Binary search vs linear scan, and binary search on the answer
2,145 words · 15 min read · applies to 3 chapters.
The decision#
The question is which search do you reach for: linear scan, classic binary search, or binary search on the answer? In one sentence: if the search space is monotone, halve it; if not, walk it. Sortedness is one way for a search space to be monotone. It is not the only way, and missing the others is the single highest-frequency bug on this pattern.
The flowchart#
The four-way decision the page teaches. The rightmost branch is what catches Google interview candidates: the input array is unsorted, but the answer space is monotone, so binary search applies anyway.
Algorithms compared#
Linear scan#
When to pick it:
- The input is unsorted and you query once. Sorting first costs
O(n log n)to enable anO(log n)lookup; one scan costsO(n)and wins. - You must touch every element anyway. Computing a sum, finding a max, applying Kadane's algorithm, fingerprinting bytes for a hash. The work is
Theta(n)by definition; halving buys nothing. nis small. Below ~100 elements the binary-search loop's branch mispredictions and cache-miss penalties cost more than a tightforloop pays. Sedgewick reports the crossover sitting between 32 and 128 on commodity hardware [1]. Asymptotically the decision is binary; at constantnthe simpler code wins.

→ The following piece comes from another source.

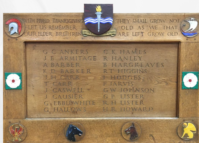
Above: Part of the school's war memorial, which includes the badges of all six houses

Today, the house system has been modernised for the 21st century, but is still built on the same sense of community envisaged by the school's founders.

Time O(n). Space O(1). Owned by Linear search and what it's good for, which derives the bound from Knuth's Algorithm T and discusses sentinel optimisations [2].
Binary search on a sorted array#
When to pick it:
- The input is sorted and you ask an order question: exact match, smallest index
iwithnums[i] >= target, smallest index withnums[i] > target, or count of occurrences. - You query repeatedly. Sorting once for
O(n log n)then queryingqtimes forO(q log n)beatsO(qn)linear scans the momentqexceedslog n. - The query is "closest" or "between." Hash maps don't answer those.
lower_bounddoes, in one call.
Three templates, one per question shape: closed-interval exact-match (LC 704); half-open lower_bound for insertion points and first-true predicate searches (LC 35, LC 278); half-open upper_bound for one-past-last and counting (upper_bound - lower_bound is the duplicate count) [3]. C++ codifies the half-open templates as std::lower_bound and std::upper_bound and treats std::binary_search as a thin boolean wrapper that is rarely useful in interviews because LeetCode wants indices, not booleans [3:1]. Java's Collections.binarySearch returns -(insertionPoint) - 1 on miss, which is the lower-bound shape with the negative encoding, and a candidate who treats that return as -1 ships a wrong answer.
Time O(log n). Space O(1) iterative. The Theta(log n) bound falls out of the decision-tree argument: any comparison-based algorithm that distinguishes n + 1 outcomes (n hit positions plus one miss) needs a tree of height at least ceil(log_2(n + 1)), so binary search is asymptotically optimal among comparison-based searches on sorted arrays [4]. Binary search: the canonical version owns the templates and the invariants.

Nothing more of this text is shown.